On the course of his journey, Rodman did a lot of crazy shit too, and it is perhaps his extracurricular activities that made him so unpredictable off the court. Out of the large number of these activities, here are my top 3:
1) He wore a wedding dress to promote his autobiography.
2) He was a part time pro-wrestler, and fought alongside Hulk Hogan
3) He was in a movie with Jean Claude Van Damme, called Double Team. Find it: it’s great! (ok, keep your expectations low)
And now, here is perhaps the greatest part of the Rodman story: how he fought against all the odds to become what he did. Dennis Rodman was never supposed to be the greatest ever rebounder, never supposed to be a hall of famer.
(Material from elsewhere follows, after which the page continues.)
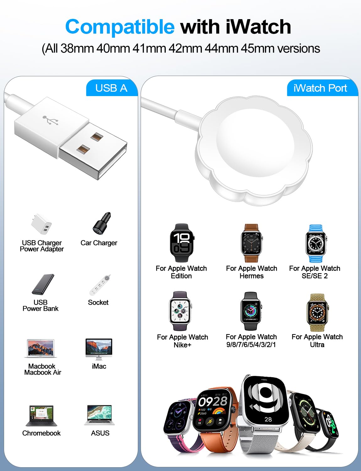 【Wide Compatible】- Our wireless charger is compatible with iWatch series Ultra2/Ultra/10/9/8/7/6/SE2/SE/5/4/3/2 (including the 38 mm/40 mm/41 mm/42 mm/44 mm/45 mm Version).Please take off the watch case and use a 5V/1A adapter or original adapter(ETL/UL Certified).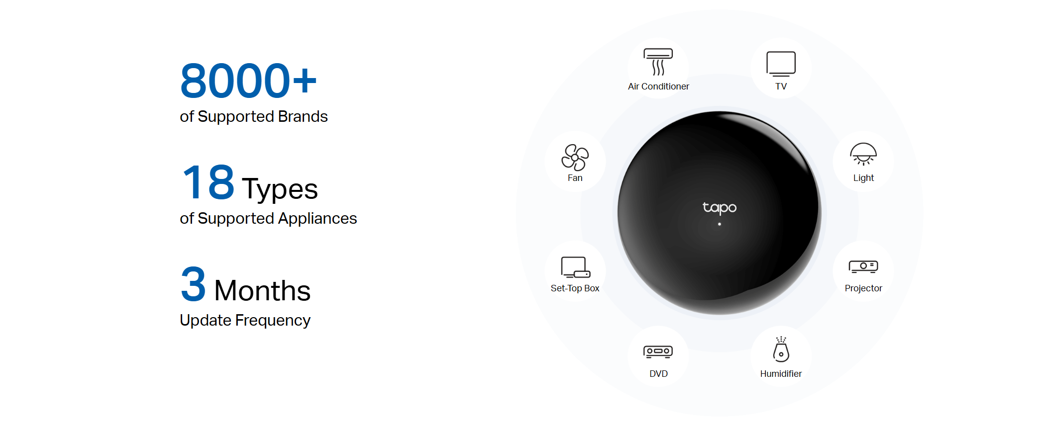 Take control of all your infrared appliances with a single device, including air conditioners, TVs, fans, lights, and set-top boxes. Eliminate the hassle of juggling multiple remotes—no more lost remotes or dead batteries to worry about. With exceptional compatibility, this hub controls even your older appliances. It supports 18 device types and over 8,000 brands, covering all your needs. The compatibility database is updated every 3 months to ensure support for the latest models.

He suffered an unhappy childhood, struggled through poverty and tragedy, and somehow made the NBA despite having outstanding offensive skills, and even then was a rookie at the advanced age of 25. He kept persisting, kept improving, won the rings, the DPOY accolades, the rebounding titles, and became a part of one of the greatest teams ever. And by his last title, he was already 37 years old, still reading the NBA in boards!
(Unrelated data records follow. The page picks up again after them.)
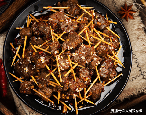 牙签牛肉选用的是小黄牛的肉,口感软嫩不柴。全程采用纯手工的制作方式,将牛肉清洗后加入秘制的卤料。闷煮软烂的牛肉放入红油中煸炒,最后在上面撒上白芝麻增加香味。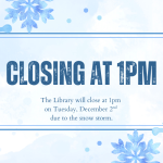 The Beaman Memorial Public Library will close at 4pm on Tuesday, December 2nd due to the snow storm. The Library will reopen at 10am on Wednesday. Stay safe!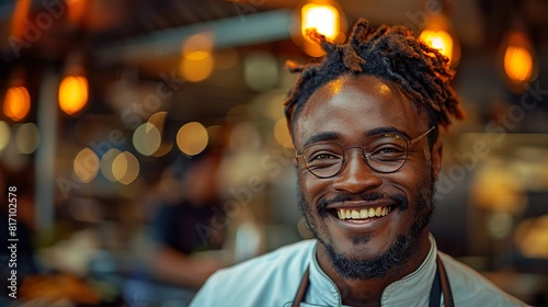 Proud friendly young male chef, with short afro hair and smile in a minimalist kitchen. The male Chef Looks confident into camera.

I didn’t know these things when I was 11, when I was falling in love with the art of the rebound, when someone called me a ‘worm’ and I failed to realise that it was a compliment and not an insult. I added several more arsenals to my game since then, but that love for the boards never changed, and neither did my respect for Dennis Rodman. What I see now is that, ‘The Worm’ stood for more than just the ability to get rebounds. ‘The Worm’ stood for perseverance, hustle, an undying love for the game.
His career, and his life, mirror his rebounding skill. Without having the size to do it, he had the uncanny skill to break the odds and position himself for success. He jumped higher than anyone else, even those bigger and more skilled than him, to either grab the ball, or tip it away, back to himself, just like in life, he was able to tip the favours towards himself, to grab the NBA’s biggest challenges by its horns. And then he would secure the rebound, just like he would secure success, and then he would do it over and over again, becoming the best at one of the most beautiful arts in basketball.